The relative quiescence in the U.S. Congress about the need for reforming SSDI—which is imminently facing insolvency—is troubling. A temporary financial fix by shifting funds from the OASI trust fund is available but does not appear to be desirable. Apart from the prospect of exhausting its trust fund by 2016, SSDI suffers from several structural flaws, primarily its strong disincentives to workers with disabilities to remain employed. The anti-work and pro-SSDI-dependency gravitational effect of the program has resulted in a ballooning of SSDI enrollees since the mid-1980s. That ballooning has accelerated in the aftermath of the 2007–2009 recession, as unemployed workers with disabilities sought SSDI enrollment once their unemployment benefits ran out.

SSDI’s enrollment boom can be traced to liberalized eligibility polices introduced during the mid-1980s when benefit awards began to be based on subjective judgments about the severity of health conditions such as back pain and mental disability. Other contributory factors are the incentive to enroll in SSDI rather than collect OASI early retirement benefits because the former are not reduced for early retirement, and the bureaucratic use of outdated descriptions of available jobs in the U.S. economy.

The long and arduous process of qualifying for SSDI worsens applicants’ disabilities and resources, and saps physical and psychological capacities to return to work. Hence, SSDI reforms should prioritize a reduction in future SSDI enrollments rather than induce the existing population of enrollees to leave SSDI rolls. Doing so implies a crucial role for employers in early apprehension of the onset of disabling conditions in the population and extending timely accommodation and support services to affected workers. International experience with disability reforms also suggests tying tighter benefit and eligibility rules with encouraging labor-market attachments among the disabled. It also suggests providing work accommodations and support services to improve the environment within which health impairments can be prevented from becoming work-disabilities. Success of such approaches, however, will require ancillary policies to improve the macroeconomic environment and increase the likelihood of job attachments for people with disabilities.
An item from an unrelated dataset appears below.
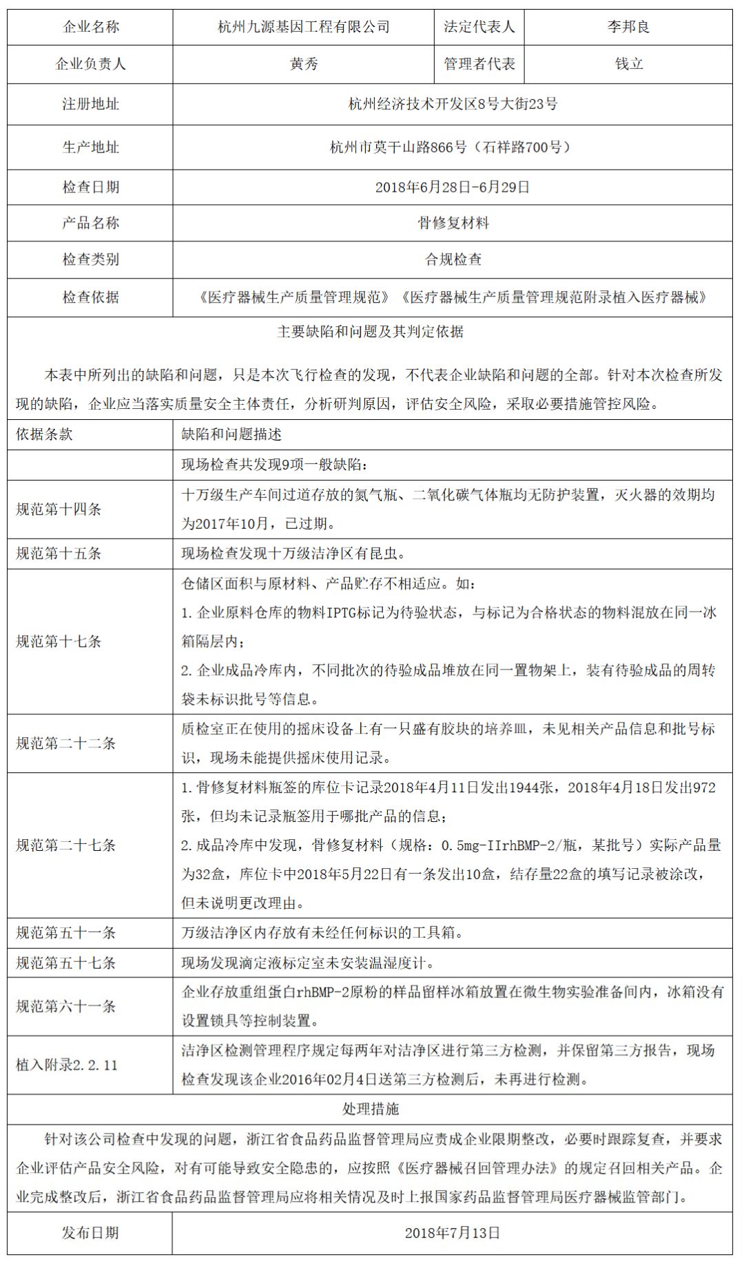 對杭州九源基因工程有限公司飛行檢查通報

The imminent financial crunch on SSDI and that program’s structural shortcomings urgently call for reforms to prevent skyrocketing enrollments by marginally health-impaired but not work-disabled individuals. Postponing such policy changes by adopting temporary financial transfers from OASI will accelerate broader insolvency of Social Security. It may also compromise the goal of providing needed support for the genuinely permanently disabled.

Readings

  • “Does Disability Insurance Receipt Discourage Work?” by Nicole Maestas, Kathleen J. Mullen, and Alexander Strand. RAND Center for the Study of Aging Working Paper No 853.3, June 2012.
  • “Social Support Substitution and the Earnings Rebound: Evidence from a Regression Discontinuity in Disability Insurance Reform,” by Lex Borghans, Anne C. Gielen, and Erzo F.P. Lutter. National Bureau of Economic Research Working Paper No. 18261, July 2012.
  • “Supporting Work: A Proposal for Modernizing the U.S. Disability Insurance System,” by David H. Autor and Mark Duggan. Hamilton Project and Center for American Progress, December 2010.
  • “The Declining Work and Welfare Among People With Disabilities: What Went Wrong and a Strategy for Change,” by Richard V. Burkhauser and Mary Daly. AEI Press, 2011.
  • “The Effect of Disability Insurance Receipt on Labor Supply: A Dynamic Analysis,” by Eric French and Jae Song. Federal Reserve Bank of Chicago Working Paper No. WP 2012-12, 2012.